Le soutien des parents est mis en avant dans cette enquête. Elle met en évidence les effets néfastes de l'utilisation des smartphones, qui perturbent les élèves dans leur apprentissage et provoquent de l'anxiété. Même plus de 5 ans après l'interdiction des téléphones portables dans les collèges, 30% des jeunes français avouent être constamment distraits par les appareils numériques qu'ils utilisent en classe. Les résultats de l'enquête montrent clairement que certains pays utilisent le numérique de manière bénéfique pour les apprentissages, tandis que dans d'autres pays il constitue un obstacle inquiétant à la concentration des élèves.
Voici également une critique sur la nécessité de limiter l'utilisation des écrans chez les enfants, afin de leur permettre de vivre une enfance épanouie.
Les enfants les plus jeunes passent trop de temps devant les écrans, ce qui dépasse les recommandations.
De plus, contrairement à une idée répandue, le soutien des parents envers l'apprentissage de leurs enfants a diminué au fil du temps. Seulement 24% des élèves français fréquentent des établissements où au moins la moitié des parents se préoccupent des résultats de leurs enfants. Cette proportion, en baisse significative par rapport à 2012 (-12 points), place les familles françaises en dernière position. Cependant, les résultats montrent que l'implication des parents est un facteur clé de la réussite des élèves, en particulier pour les élèves défavorisés, comme le démontrent les pays moins riches.
Niveau d'enseignement
En ce qui concerne la qualité de l'enseignement, il est important de noter que les enseignants français ne soutiennent que faiblement leurs élèves. Seulement 63% des élèves français affirment que leur enseignant était disponible pendant la crise sanitaire, ce qui est 4 points de moins que la moyenne des pays de l'OCDE. De plus, moins de 10% des élèves ont été interrogés quotidiennement ou presque par une personne de leur établissement, tandis qu'au Japon ce chiffre s'élève à plus de 27%. La France se classe également parmi les pays où les chefs d'établissement estiment que le manque d'enseignants perturbe le plus la qualité de l'enseignement, avec un écart de plus de 20 points par rapport à la moyenne de l'OCDE.
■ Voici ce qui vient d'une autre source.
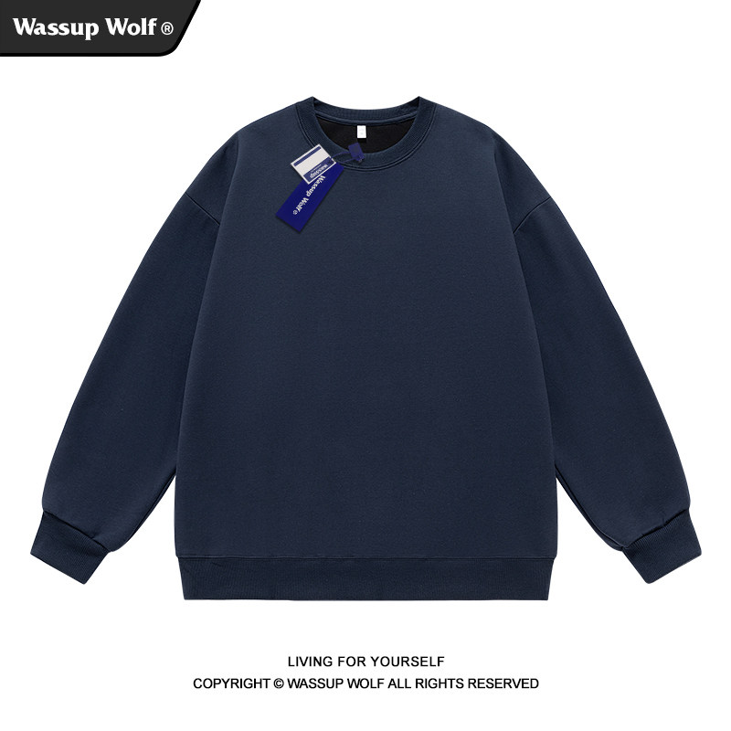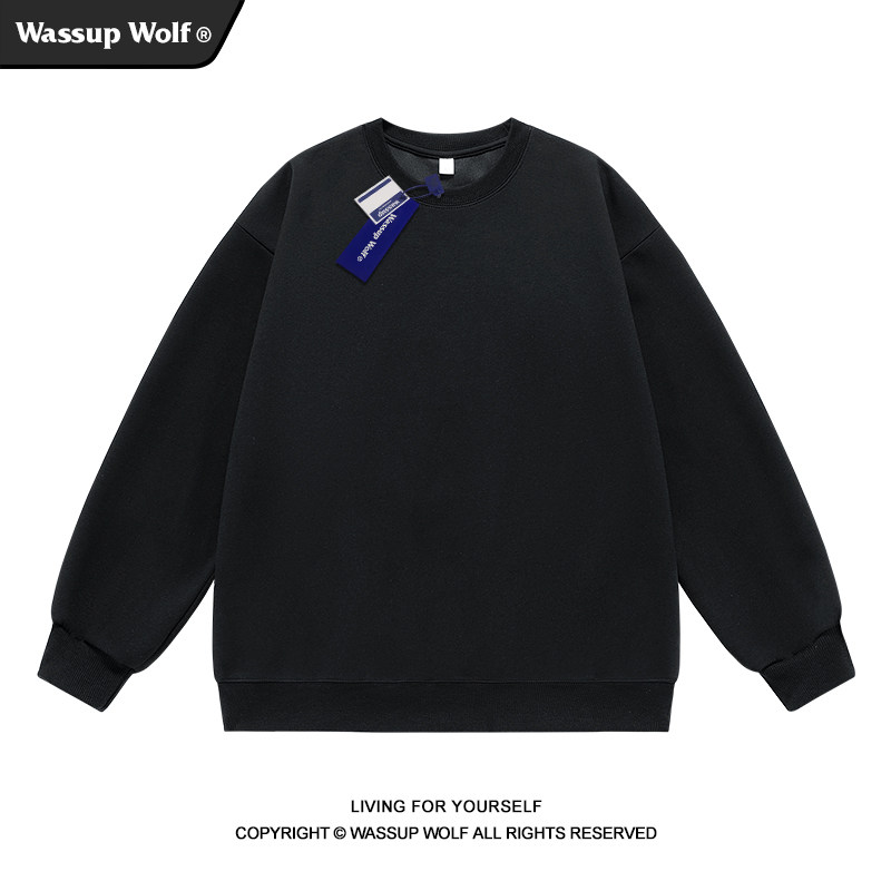Wassup Wolf基础款圆领卫衣男女简约上衣情侣纯色宽松纯棉打底衫
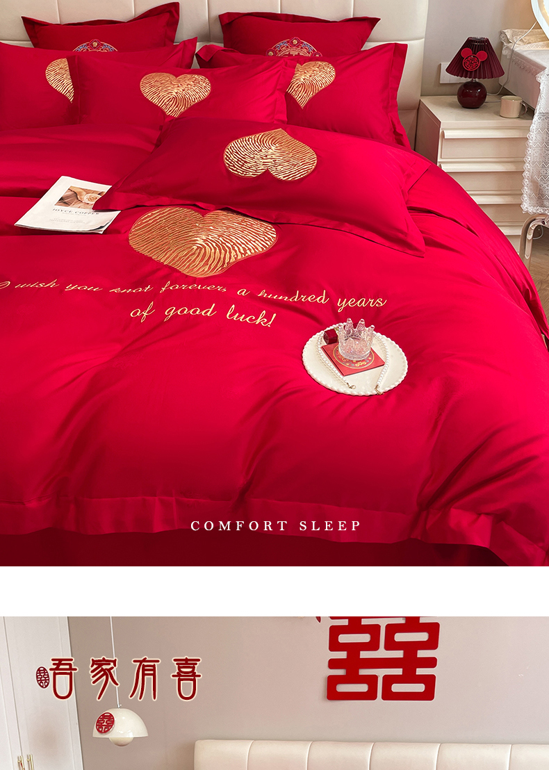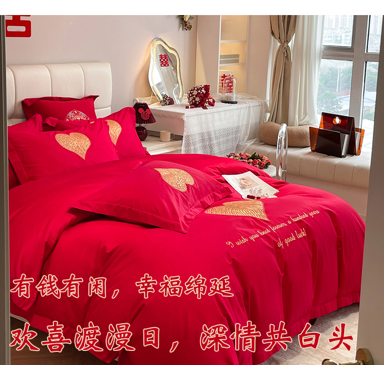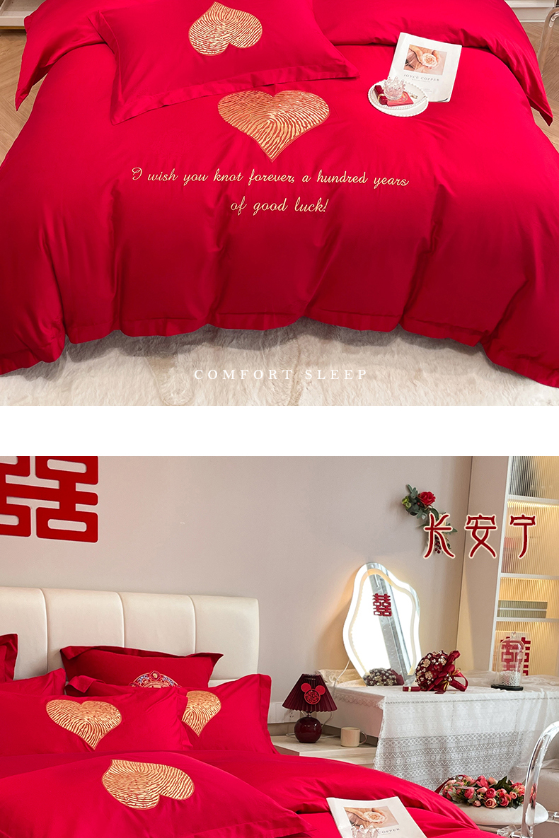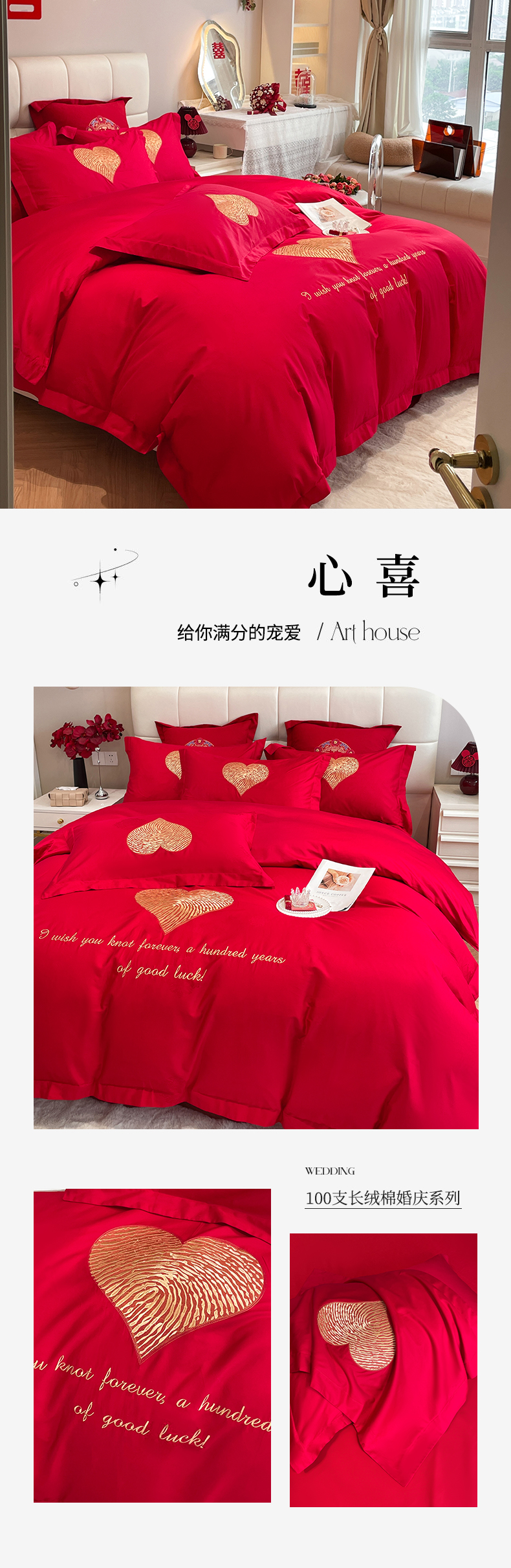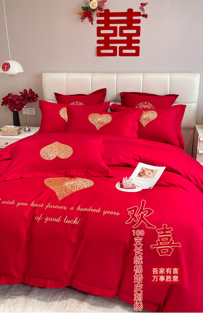 当前位置: 91家纺网 > 商品网购 > 床品套件 > 四件套 > 婚庆四件套 > 玉雅家纺 2025新款100支长绒棉高档提花刺绣婚庆四件套 心喜
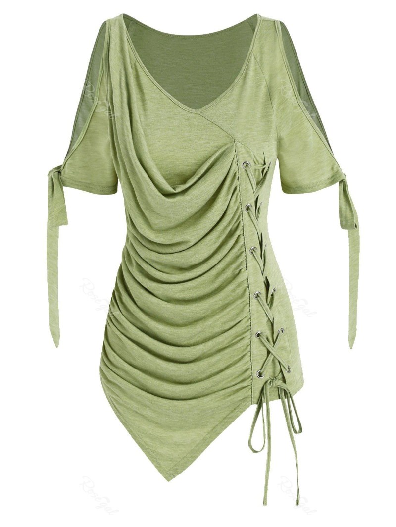 Cold Shoulder Lace-up Asymmetrical Ruched T-shirt
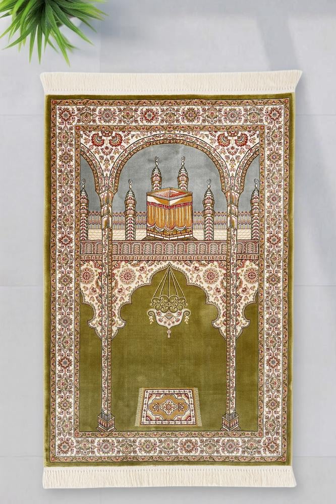 سجادة حرير تيموري بتصميم مستوحى من تراث مكة والمدينة، تعكس جمال الفن الإسلامي وتوفر راحة فائقة في كل صلاة.
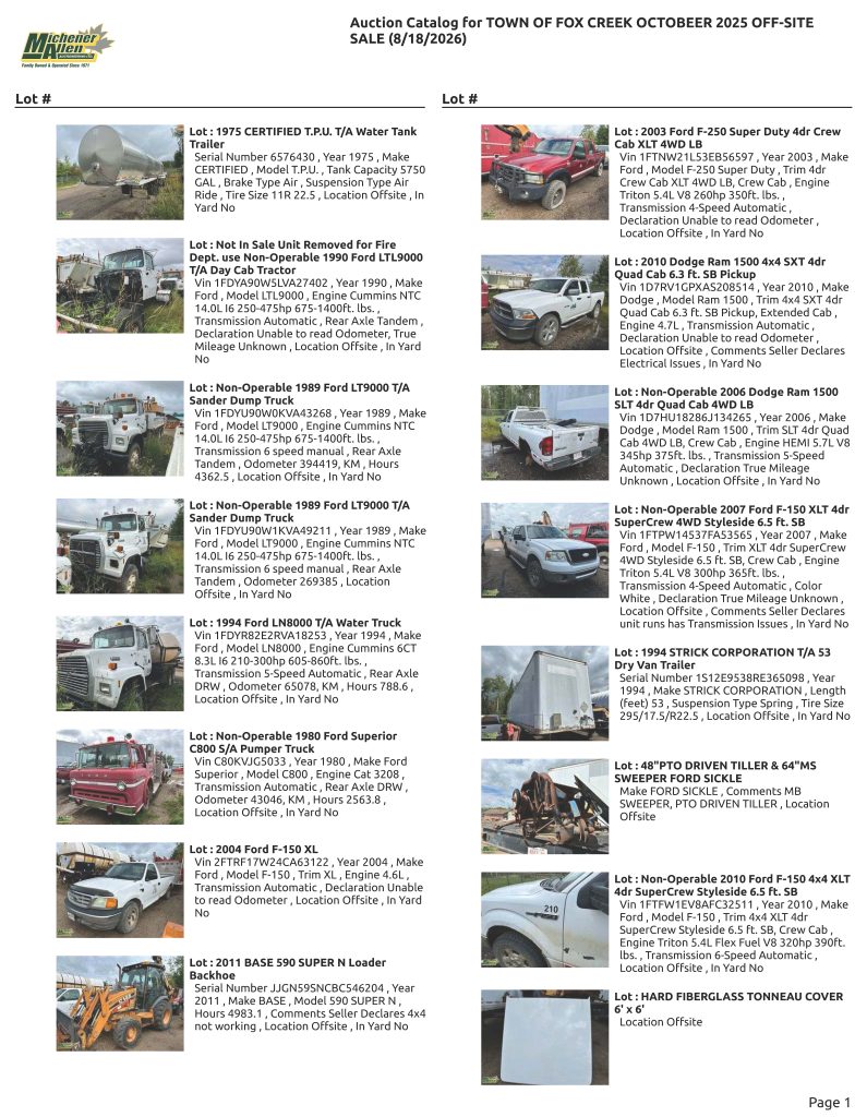 The Town of Fox Creek will be disposing of surplus assets through Michener Allen Auctioneering Ltd. The auction sale will run from October 16 – 18, 2025. But you can sign up to start bidding now.
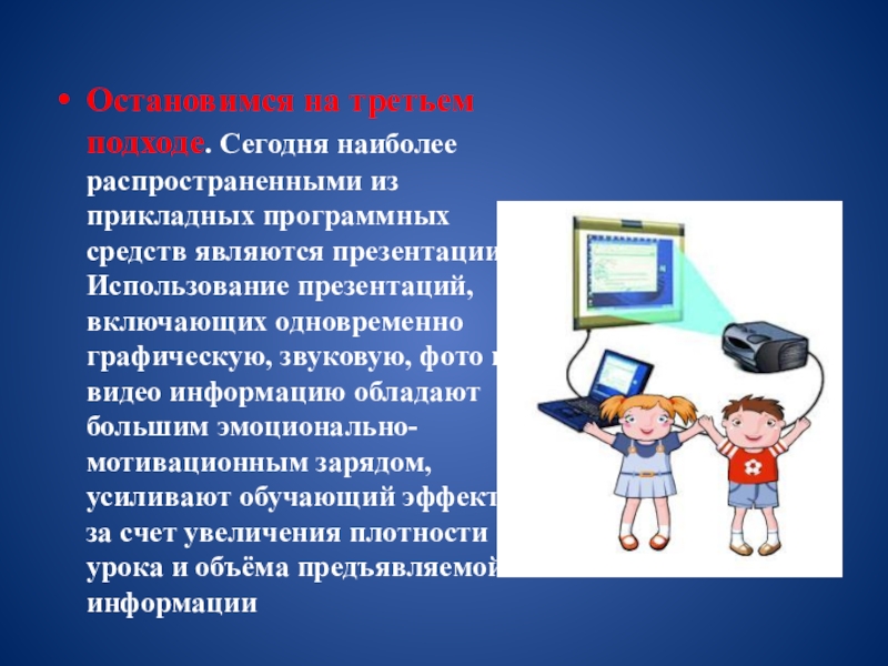 являются презентации. Использование презентаций, включающих одновременно графическую, звуковую, фото и видео информацию обладают большим эмоционально-мотивационным зарядом, усиливают обучающий эффект за счет увеличения плотности урока и объёма предъявляемой информации
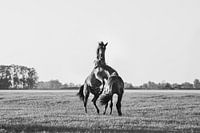 In Friesland zijn een stel paarden aan het spelen in de wei. De foto is zwart wit en gemaakt in Friesland. Het lijkt er soms ruig aan toe te gaan, maar paarden kunnen veel hebben.
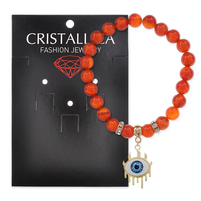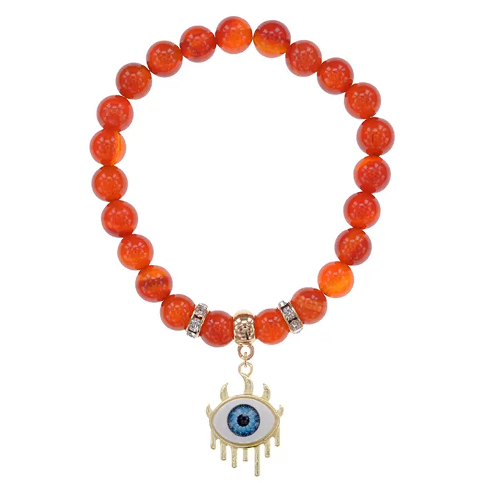 Стрейч-браслет из натурального сердолика с бусинами в виде глаза.
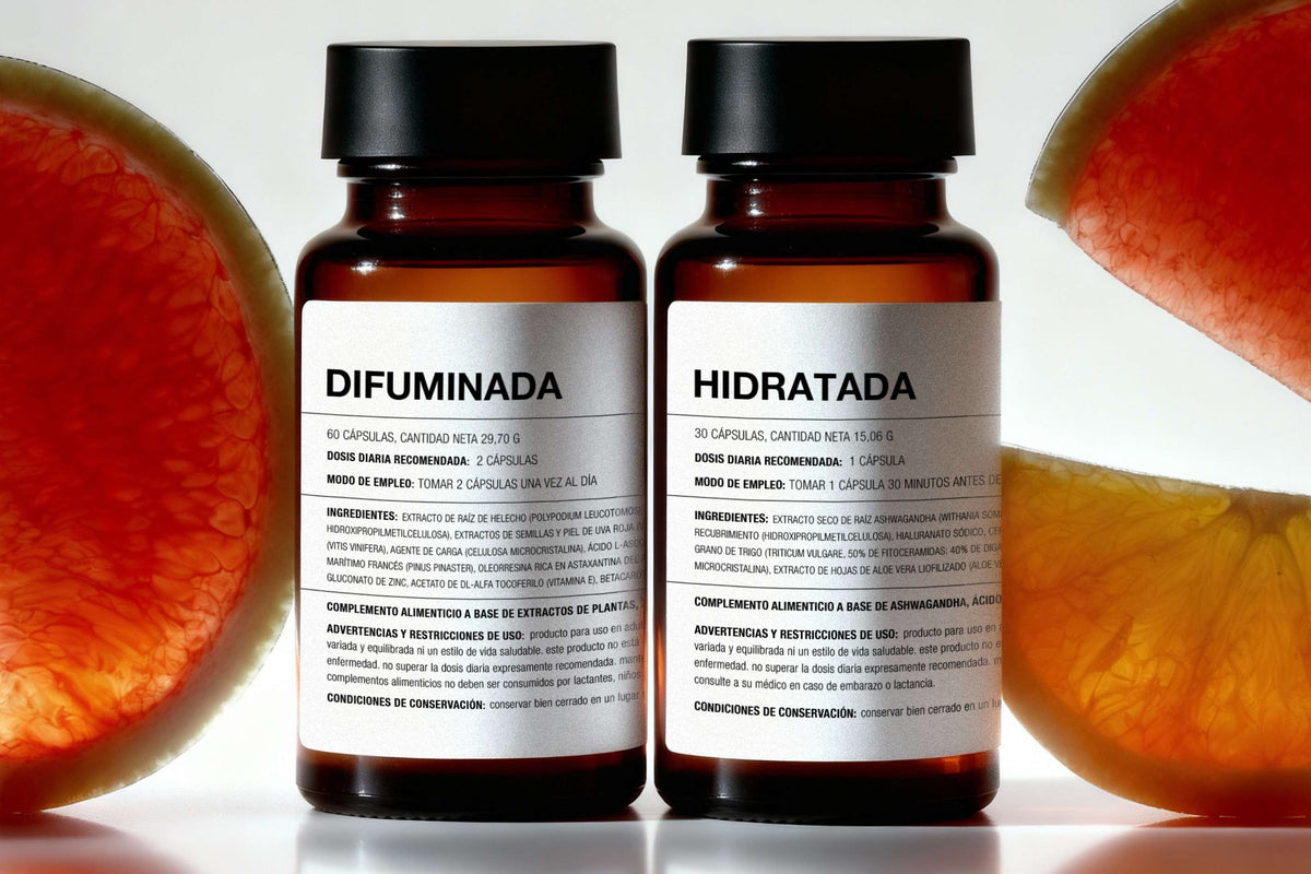 DIFUMINADA aporta fotoprotección interna gracias a los extractos de helecho (Polypodium leucotomos) y pino marítimo francés, que pueden ayudar a defender la piel frente a la radiación UV, mientras las vitaminas C, E y A neutralizan radicales libres generados por el sol. Esta protección diurna se complementa con la reparación nocturna de HIDRATADA, cuyos antioxidantes (ashwagandha y aloe vera) favorecen la recuperación del daño oxidativo acumulado, creando un ciclo continuo de protección y reparación 24/7
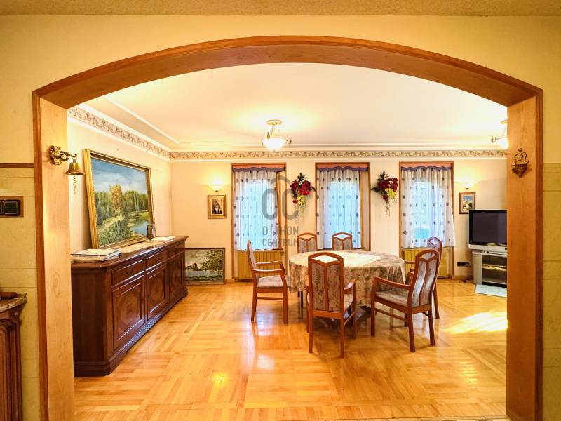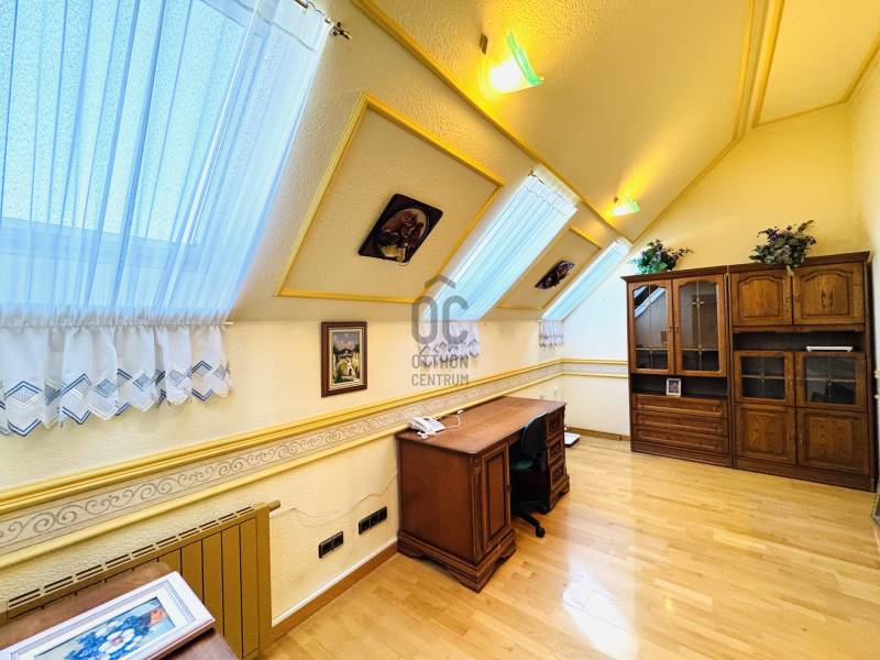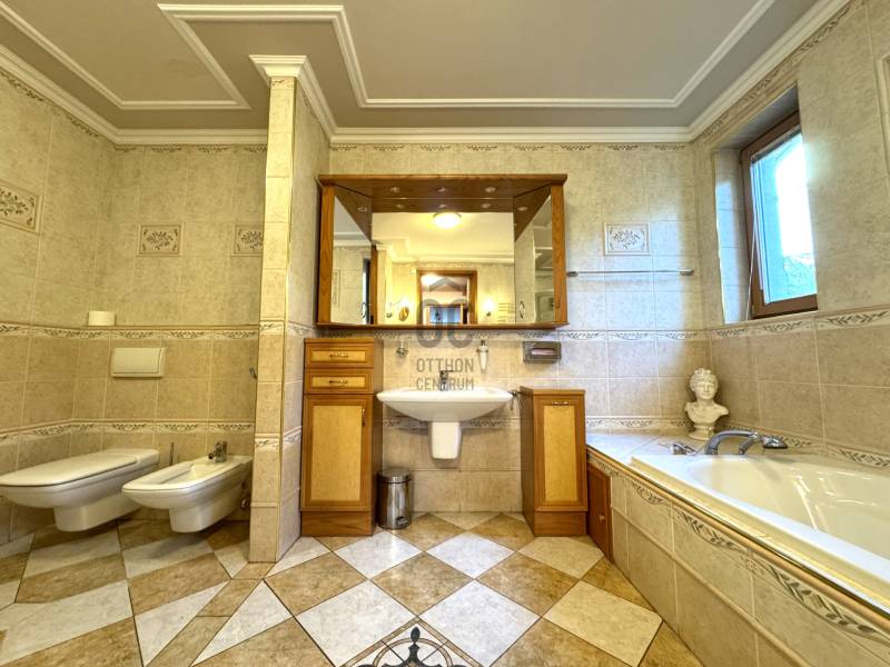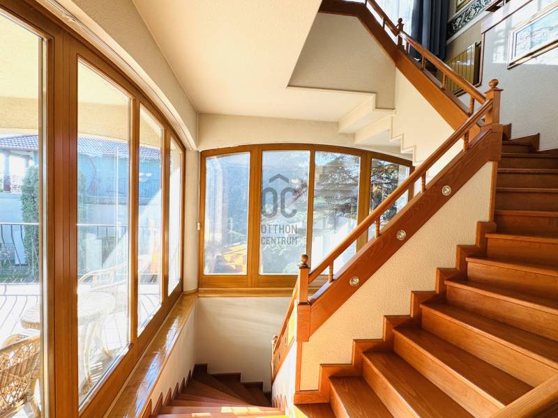 Fedezze fel álmai otthonát Diósdon – háromszintes, hét szobás, nagyvonalú családi ház eladóDiósd egyik legkedveltebb, csendes utcájában eladó egy 479 m²-es, háromszintes, exkluzív családi ház, amelyet térérzet, elegancia és átgondolt funkcionalitás jellemez. Az ingatlan egy 1111 m²-es, parkosított, szobrokkal díszített kertben helyezkedik el, ahol fűthető, római lépcsős medence és 12 m²-es télikert is szolgálja a pihenést.Földszint – a klasszikus elegancia szintjeA házba egy tágas előszobán és közlekedőn át jutunk, ahonnan megérkezünk a 36 m²-es nappaliba, amelyhez közvetlenül kapcsolódik a 12 m²-es télikertA 30 m²-es konyha–étkező–kamra egység családi és baráti összejövetelekhez ideális helyszín.Ezen a szinten található továbbá:37 m²-es hálószoba,12 m²-es gardrób,13 m²-es elegáns fürdőszoba,külön vendégmosdó,36,5 m²-es kétállásos garázs,valamint egy 13 m²-es terasz, amely a kert felé nyílik.Első emelet – a nagyvonalú terek birodalmaA felső szint 4,8 méteres belmagasságával és 73 m²-es nappali–társalgójával igazi különlegesség.Innen nyílnak a hálószobák, mind saját gardróbbal:25 m²-es hálószoba + 22 m²-es gardróbszoba,26 m²-es vendégszoba+ 21 m²-es gardróbszoba. Ezen a szinten található egy 14 m²-es, luxus kialakítású fürdőszoba valamint teraszkapcsolat is. A faburkolatú, üvegkorlátos lépcsőháza ház egyik legszebb, látványos eleme.Kertszint – külön élettér közvetlen kertkapcsolattalAz alsó szint egy önálló, teljes értékű élettér:konyha és étkezőnappali/vendégtér,fürdőszobakazánház és mosókonyhaközvetlen kijárat a gondozott kertbeFelszereltség és technológia- Vaillant gázkazán, padló- és radiátoros fűtés kombinációja-Szintenként szabályozható termosztátok-6 db Panasonic inverteres hűtő-fűtő klíma-Hóolvasztó rendszer a garázsbejárónál-A medencéhez külön fűtőkör-Automata, kútról üzemelő öntözőrendszerA kert – elegancia és nyugalomA parkosított, örökzöldekkel és díszcserjékkel beültetett kert a ház méltó folytatása.A fűthető, római lépcsős medence, a szobrok valamint a télikert együttese páratlan harmóniát teremt.Ez az ingatlan azok számára ideális választás, akik nem csupán házat, hanem életstílust keresnek – ahol a tér, az elegancia és a kifinomult részletek találkoznak.

En conclusion, la France se montre en retrait sur les 3 critères qui déterminent la résistance d'un système éducatif. Au-delà de la gestion de la crise sanitaire, cette idée est d'autant plus intéressante car elle met en évidence l'importance des apprentissages durables et de la capacité des jeunes à trouver les ressources nécessaires pour construire leur parcours. En dehors de la question du redoublement et des groupes de niveaux, qui suscitent les controverses entre excellence et égalité, il est probable que l'école française ait beaucoup à apprendre des systèmes éducatifs les plus performants sur le plan humain.
Guillaume Prévost occupe le poste de délégué général au sein de l'organisation VersLeHaut.